**About this exercise**
Transcribe each line of the material as it is, and drop any picture.

**Extracted information**
__________
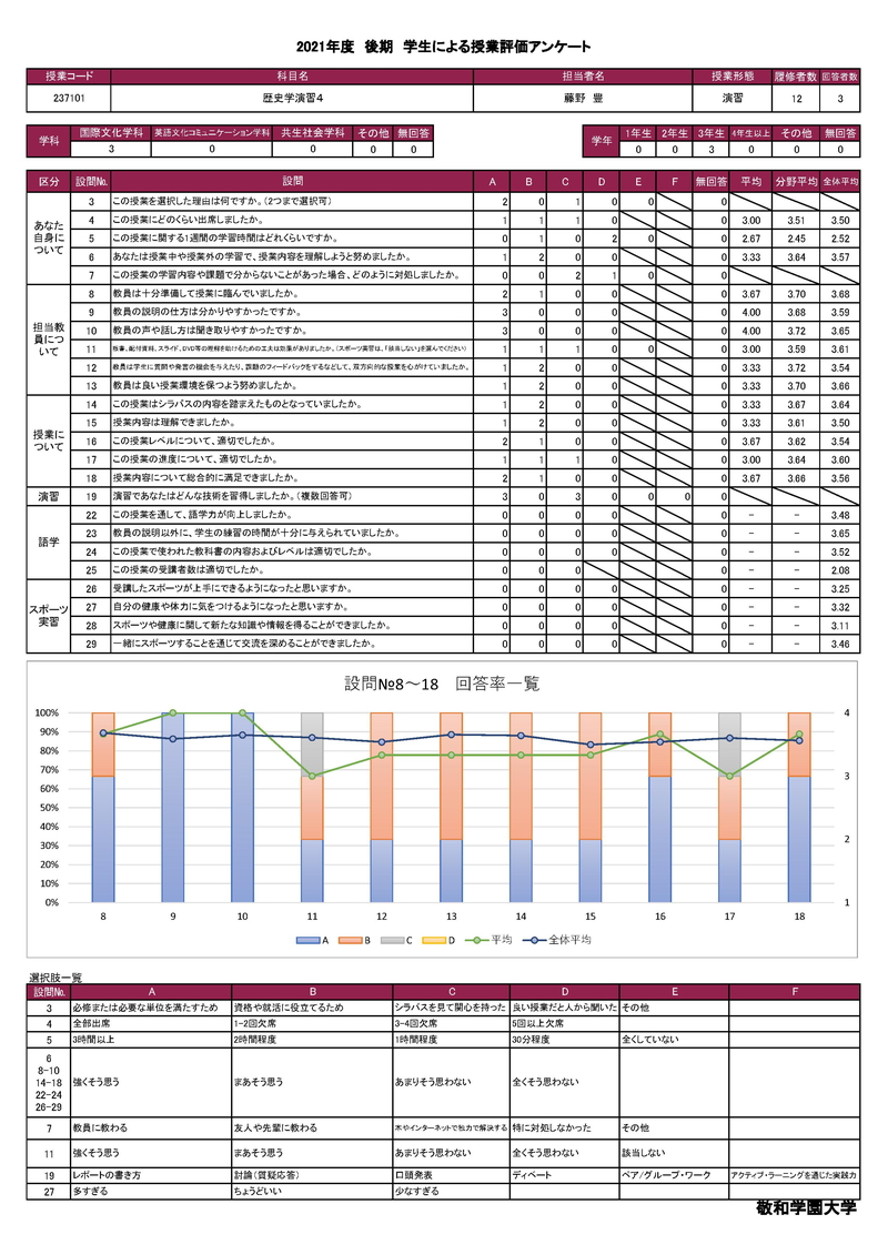 敬和学園大学 授業アンケート集計
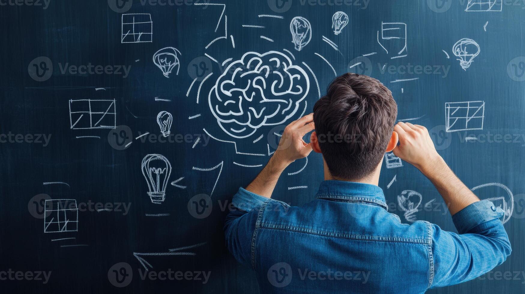 Man brainstorming on chalkboard with diagrams and brain sketch, thinking and analyzing ideas and concepts, focused and creative work. Pro Photo
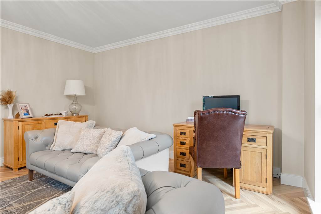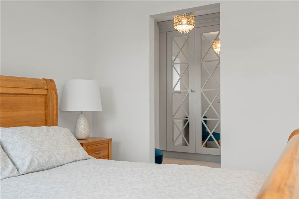 With access to insulated loft. Double hot-press with shelved storage. Coving to ceiling. Spot lighting to ceiling.
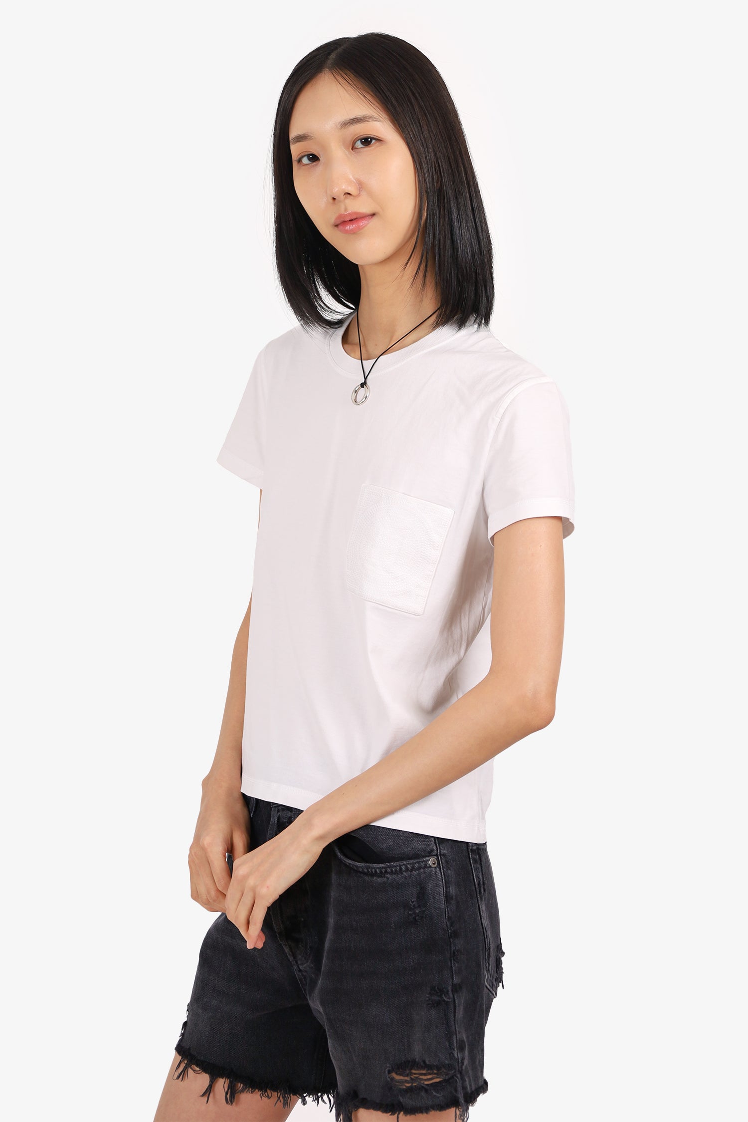 Refresh availabilityHermes White Embroidered Pocket T-Shirt. Pull-on. Round-neckline. Single front exteiror slip pocket. Tonal stitching.
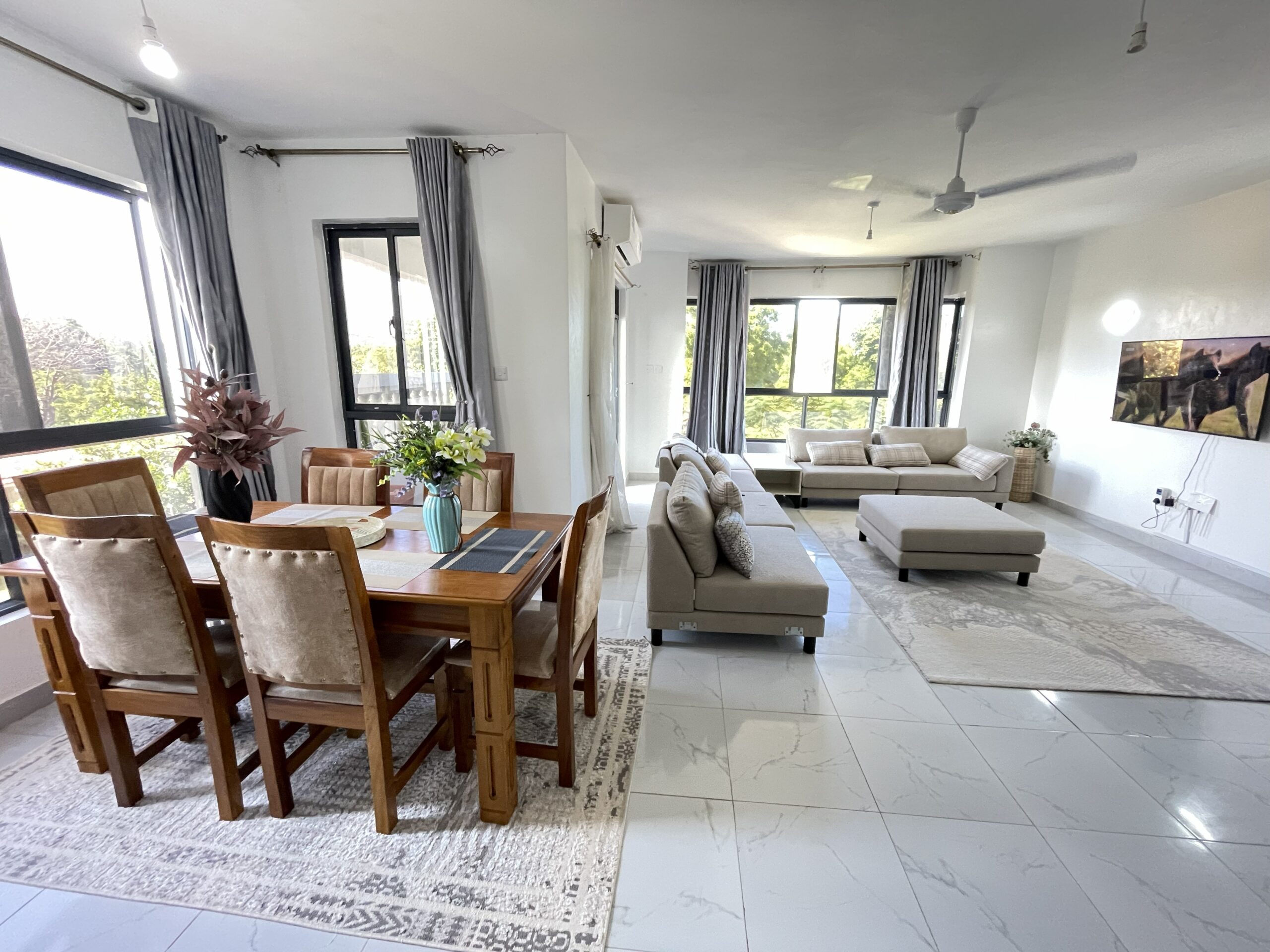 njoy a spacious, modern 3 bedroom penthouse with close proximity to the beach: - Every room has balcony - All rooms have Air Condition and ceiling fans - Pool - Quite and save area - Nice dining area and terace - Large & comfortable sofa set - Fiber internet - Smart TV with Netflix - Each bedroom has a private bathroom & hot showers - Fully equipped kitchen --> Check alailability and book at AirBNB --> Contact us at info@mombasa-homes.com
__________
**Written answer**
 敬和学園大学 授業アンケート集計
 Man brainstorming on chalkboard with diagrams and brain sketch, thinking and analyzing ideas and concepts, focused and creative work. Pro Photo
 With access to insulated loft. Double hot-press with shelved storage. Coving to ceiling. Spot lighting to ceiling.
 Refresh availabilityHermes White Embroidered Pocket T-Shirt. Pull-on. Round-neckline. Single front exteiror slip pocket. Tonal stitching.
 njoy a spacious, modern 3 bedroom penthouse with close proximity to the beach: - Every room has balcony - All rooms have Air Condition and ceiling fans - Pool - Quite and save area - Nice dining area and terace - Large & comfortable sofa set - Fiber internet - Smart TV with Netflix - Each bedroom has a private bathroom & hot showers - Fully equipped kitchen --> Check alailability and book at AirBNB --> Contact us at info@mombasa-homes.com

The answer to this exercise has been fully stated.